I spent last night huddled in bed with an ice pack around my neck, trying to be mindful of the sensation of the cold on warm skin. It wasn’t working.

The anxiety took a sledgehammer to walls of self-care, diligence, and resilience. It’s not hard to be homebound for a week, two weeks, or even a month; but the better part of nine months? It’s a covert, quiet kind of hard. And it will be hard to explain to successive generations why, exactly.

A bit of Christmas cheer at Camosun’s lonely Lansdowne campus (photo by Greg Pratt/Nexus).

After an appointment with my family doctor last December, we got to chatting about this new virus. He said that if we were lucky—really lucky—we might be starting to get doses of a vaccine by the end of the year.

We got lucky: a woman in the UK just got the first vaccine today. We’re lucky to breathe where we breathe, and, if you’re anything like me, occasionally lose hope where we lose hope.

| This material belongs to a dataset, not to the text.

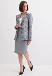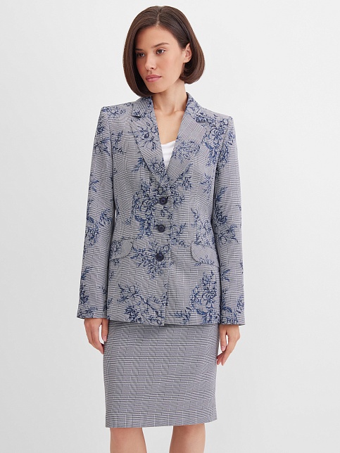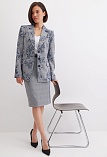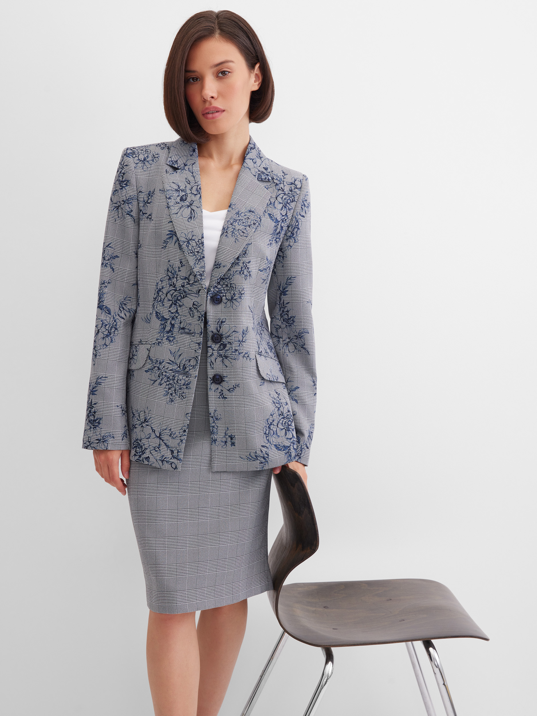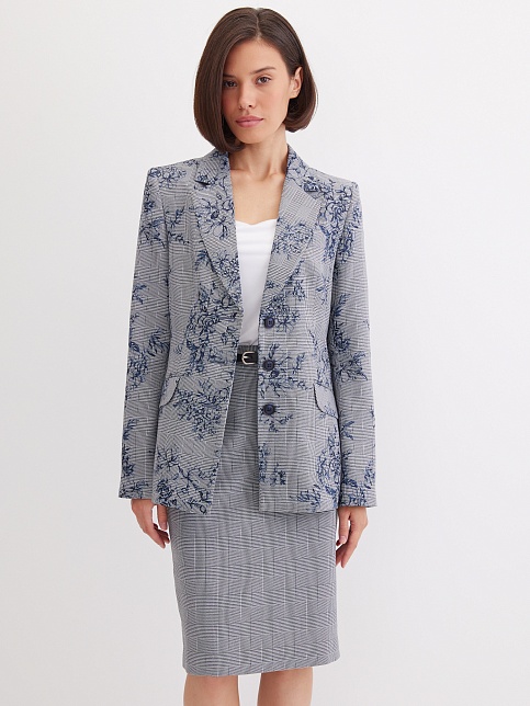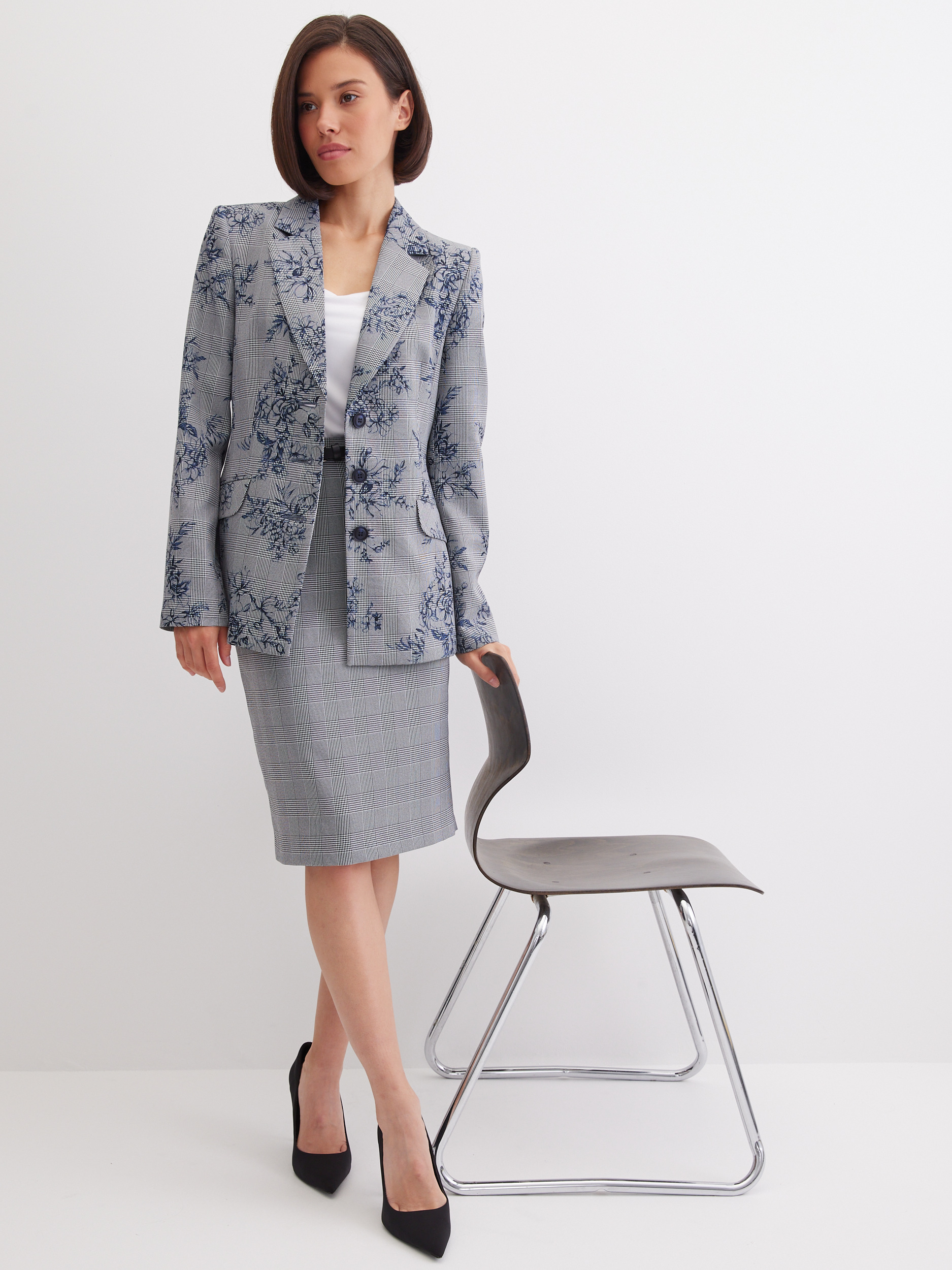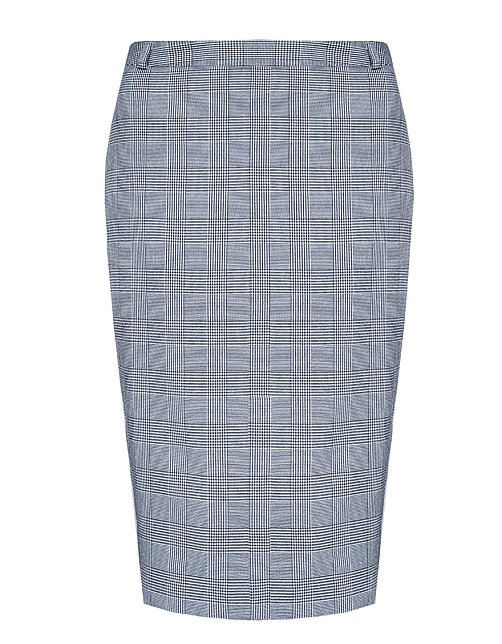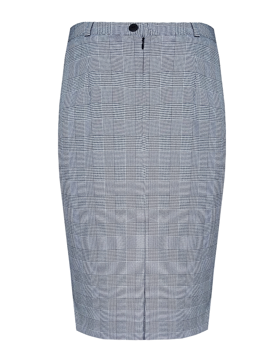 Классическая юбка в традиционную и в то же время актуальную клетку гленчек, где на сером фоне элегантно переплетаются светлые полосы с темными, слегка зауженная книзу, на поясе со шлевками под ремень, посадка средняя, застежка на  молнию и пуговицу в среднем шве спинки, сзади шлица, длина юбки миди - до середины колена, модель на подкладке. Модель выполнена из премиальной костюмной ткани с эстетическим внешним видом и уникальными свойствами, обеспечивающими комфорт и долговечность.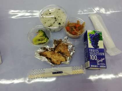 三日目の昼食の献立は、わかめごはん・きんぴらごぼう・ブロッコリー・鶏の唐揚げ グレープジュースです。

We’ve had hard holidays before; it’s the hardest time of year for many people. And we’ll have hard holidays again. But it’s just one year; one holiday season, one tough time. In the end, we’ll have a hard time remembering some of the specifics because the last nine months have, in our minds, been more or less all part of the same blurry clump of weirdness.

This holiday season will be different, but some of your holiday routines don’t have to be. For me, a Christmas routine that reminds me of a better time is reading The Catcher In the Rye (and that’s saying something, because I read Catcher in Grade 9, and you couldn’t pay me $10,000 to repeat that year). Regardless of what anyone says about it, it’s one of the most culturally formative stories to ever be told. That goes for Catcher and the reality we’re in.

No one except you can catch you when you’re falling. Catch yourself in the ways you know how, the ways that got you here today. If they’re not the healthiest of ways, go easy on yourself. There are no points for style.

It’s even more important than usual to carry out the things that bring you solace. It’s a dark time, a lonely time, so focus on those nuggets of simplistic contentment.

Happy holidays. Or maybe this year, it’s just… “holidays.” There’s not as much to be happy about this year. Acknowledge that. Marinate in that. But there’s a difference between acknowledging something and dwelling on it. Marinate in it like filthy bath water: as long as you need to, but not a moment longer.